“I was looking for the ‘One Big Thing’ that incorporated all living beings.”

The Hallie Ford Museum in Salem, Oregon, is shining a spotlight on an artist not always closely associated with the state’s painters: C.S. Price. This may be because, by the time he settled permanently in Portland around 1928 or ’29, Price was already working in an increasingly expressionist style—which he maintained until his death in 1950.
If you follow the usual path through the current exhibit, you’ll encounter an unconventional artist depicting Western scenes—including farm animals—that are beyond the expected. These works stand out for their liberal use of color, lack of detail, and bold, painterly brushstrokes.

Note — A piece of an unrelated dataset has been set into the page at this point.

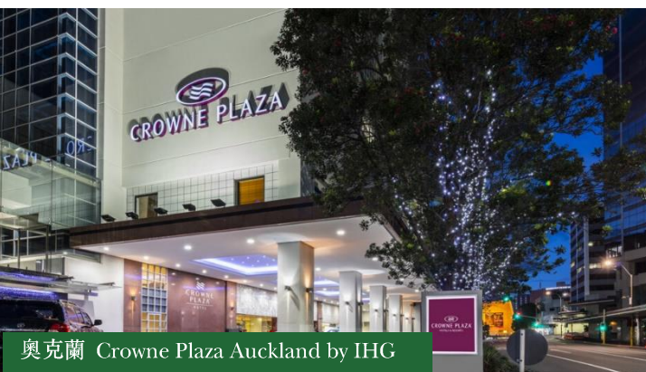
奧克蘭 Crowne Plaza Auckland by IHG

- 基督城 Crowne Plaza Christchurch或同級，酒店位於市中心，擁有現代化的風格和設計，提供符合全球服務標準的酒店住宿，並可飽覽城市及周邊地區的壯麗景色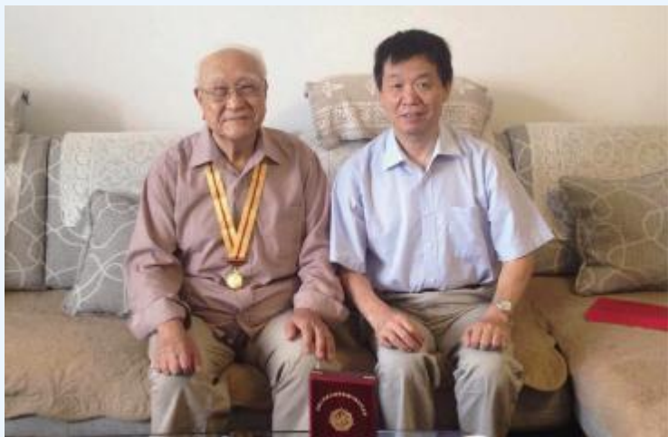
农业部副部长、中国农科院院长李家洋走访慰问抗战老战士刘磊同志

唐华俊、雷茂良、李金祥、吴孔明、史志国、王汉中、魏琦等院领导以及院属各单位领导也分别进行了走访慰问。(院离退休办)

They reveal a natural painter with a genuine curiosity and hopeful vision of the world.

But if you begin your journey at the other end of the exhibit, you’ll see some of Price’s darker paintings: wolves, somber human figures devoid of admiration, and a heavily muddied self-portrait. These pieces reflect a more introspective, sometimes unsettling side of his artistic journey.
One visitor quipped to me in the gallery, “I wouldn’t want to be this guy.” (I assumed he meant the work seemed to have been created by a disturbed individual). Taken at face value, the take-away from the exhibit could be a warning not to become jaded. Indeed we went from a depression into a world war during the time Price was painting, but on closer inspection the work reveals a spiritual journey.
Born in 1874 in Iowa, spending time in Wyoming and raised in Oregon, Price began his career illustrating for livestock magazines before seriously studying art in San Francisco. His early work leaned toward narrative Western themes, but after exposure to modernism—particularly through the Bay Area art scene—his style evolved into something far more abstract and emotionally charged.
By the time he settled in Portland in the 1930s, Price had developed a unique, painterly approach characterized by bold color, simplified forms, and deep feeling. Though he shunned fame and lived a private life in an office space turned studio and residence, his work earned quiet respect, and he became a central figure in Oregon’s art community. His evolving style absorbed the emotional directness, color intensity, and symbolic abstraction of German Expressionism through a mix of West Coast cultural exchange, artistic networks, and his own evolving vision.

One of Price’s “dark paintings” was purchased by the Metropolitan Museum of Art in the 1940s, following his inclusion in MoMA’s landmark 1946 exhibition Fourteen Americans. Curated by Dorothy C. Miller, this show introduced a new wave of American modernists to national and international audiences. While artists like Robert Motherwell, Isamu Noguchi, and Mark Tobey became major names, lesser-known but highly respected figures such as Price were also featured.
Labeling Price simply as a regionalist, Western, or modernist painter misses the full story. Rather than fitting a typical Western painter narrative, Price’s career shares meaningful parallels with early American modernists like Arthur Dove, Marsden Hartley, and John Marin. These artists resisted dominant art movements, favoring regional isolation and personal exploration. Their regionalism was deliberate and visionary, not provincial.
Dove and Marin remained outside New York’s mainstream, and Hartley often returned to his native Maine. Similarly, Price rooted himself in the Pacific Northwest, quietly crafting a distinct modernist voice far from the center of the art world. All four used simplification and abstraction to move beyond realism. Price, like Hartley, often employed blocky, symbolic shapes and heavy outlines, especially in his figures and animals. His later, darker paintings reveal a contemplative and mystical sensibility akin to Dove’s vision of the artist as a kind of seer.
Many of Price’s best works come from his middle years (for a guy who became a full-time artist later inlife), during the transition from life on the California coast to Portland in. This marked a turning point in both the quality and emotional depth of his work. While the Great Depression devastated much of the country, Price found in hardship a profound clarity of vision.

Even considered as a Western painter, what sets C.S. Price apart is his focus on spiritual essence and emotional truth rather than realistic detail, storytelling, or romanticized frontier imagery. His art invites us to look beyond the surface and feel the deeper human experience.
So what can we take away from this exhibit featuring a worldly, yet regional painter? Losing the idea that any art is something specific to a segment of humanity may be a start. The local and the global aren’t opposites; they’re often the same thing, looked at deeply.

The exhibit coincides with a new book on the artist, C.S. Price: A Portrait by Roger Saydack, a retired attorney and art collector. The show is on view at the Hallie Ford Museum of Art at Willamette University in Salem, Oregon, through August 30, 2025.